Underneath the hardware, the business model is a hybrid that's become fashionable for a reason: sell a device, then sell the intelligence that runs on it. Plentify sells and installs HotBot and SolarBot to homeowners, tenants and installers, and layers a software platform on top for the people who care about aggregate behavior - property developers who want lower common-area bills, and eventually utilities who will pay real money for demand flexibility they can dispatch. The customer list is deliberately broad: solar households and non-solar households, tenants who don't own their geyser, installers who resell the hardware, and property companies who buy it at estate scale. That breadth is a hedge. A company betting everything on one customer type in one country is fragile; a company that can sell the same box to a landlord, a homeowner and a grid operator has more ways to win.
It's also a distinctly Cape Town story in a way that matters. The roughly 70-person team was assembled in a market where energy isn't an abstraction or a sustainability line item - it's a daily, physical inconvenience, complete with a published schedule of when your lights go out. Building for users who feel the grid's failures in the shower every morning tends to produce products that are ruthlessly practical rather than aspirational. HotBot doesn't ask you to care about carbon. It asks you to keep your hot water and lower your bill, and it handles the grid math quietly in the background. The climate benefit is real, but it rides in on self-interest, which is usually the only vehicle that actually scales.

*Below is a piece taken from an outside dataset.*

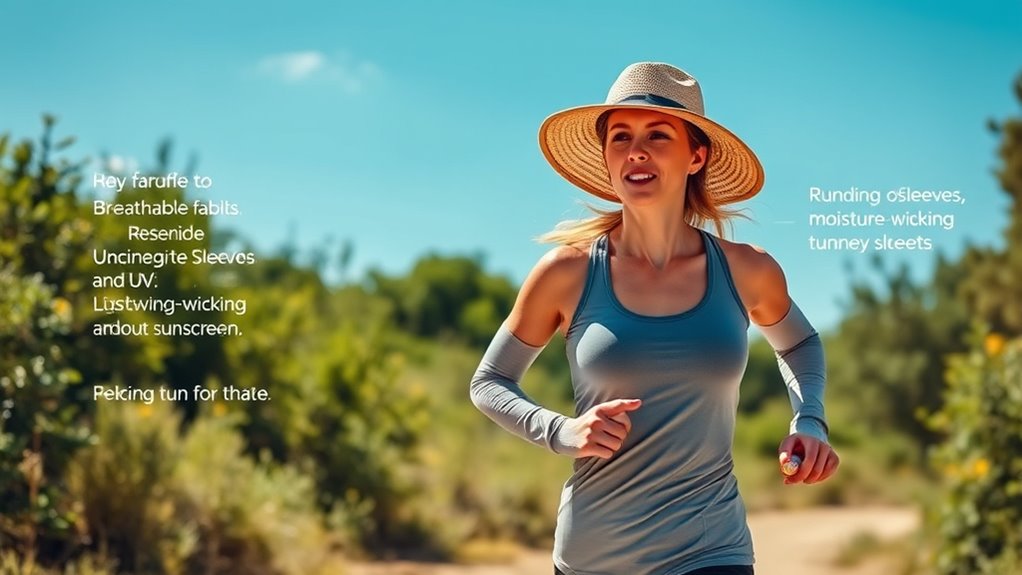To stay safe during sunny runs, wear a wide-brimmed hat or cap and UV-protective sunglasses to shield your face, neck, and eyes. Apply broad-spectrum sunscreen with SPF 30 or higher on all exposed skin, reapplying every two hours or more often if sweating. Plan your runs during cooler times or shade to minimize direct sun exposure. Incorporate hydration strategies and wear moisture-wicking clothing for comfort. Keep these tips in mind as you explore ways to protect yourself from harmful rays.

It's worth being clear-eyed about what Plentify is and isn't. It is not selling a miracle. It is selling coordination - the deeply unsexy work of making ordinary hardware measure itself accurately, model itself honestly, and behave considerately toward a shared grid. There's competition, from Tesla's Powerwall ecosystem to demand-response platforms abroad to local solar installers at home. But most of that competition is fighting over the glamorous end of the stack. Plentify went for the water heater, the appliance nobody photographs, and found the most under-managed watt-hours in the house. Boring, at grid scale, turns out to be a real advantage.
The pitch, stripped of jargon, is this: your geyser is already the biggest energy decision in your home, made badly, thousands of times a day, by an appliance with no idea what's happening on the grid. Plentify gives it a brain. Multiply that by enough homes and you haven't just lowered some bills - you've quietly built a power plant that lives in ceilings.